Army brings death and carnage to the streets
A day of violence on the streets of the Thai capital left at least ten dead and 125 wounded after renewed fighting erupted in the city’s commercial heart yesterday. Soldiers fired bullets and teargas into the fortified encampment held for weeks by anti-government protesters, and street battles erupted in the city centre.
What began in early March as a defiant and proud rally intended to oust the Thai Government peacefully and fight for social justice had, by last night, largely unravelled as the army strengthened its stranglehold around thousands of diehard protesters.
Hemmed into their fortified encampment by troops, the remaining protesters digested the grim information that several of their leaders had quit. As long as the security forces remain loyal to the Government their options appear increasingly limited in the face of the army’s firepower.

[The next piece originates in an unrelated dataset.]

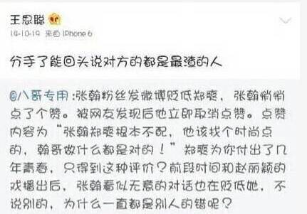并且张翰在和郑爽分手之后,还被发现他在“他和郑爽很不配”的微博点了赞,连王思聪都看不下去了。

From dawn yesterday the protest site centred on Ratchaprasong intersection in central Bangkok was surrounded by armed troops and police officers in armoured vehicles. They fired live rounds and rubber bullets as well as teargas at members of the United Front for Democracy Against Dictatorship. The group has spent weeks in the centre of one of Asia’s most cosmopolitan cities demanding the dissolution of the Thai parliament, followed by elections.
Known widely as the Red Shirts, the demonstrators responded with petrol bombs and fired home-made rockets into the streets surrounding the upmarket district that they have occupied for nearly six weeks. Several thousand Red Shirts were still behind the high barricades of the site perimeter last night, protected by guards carrying thick bamboo staves.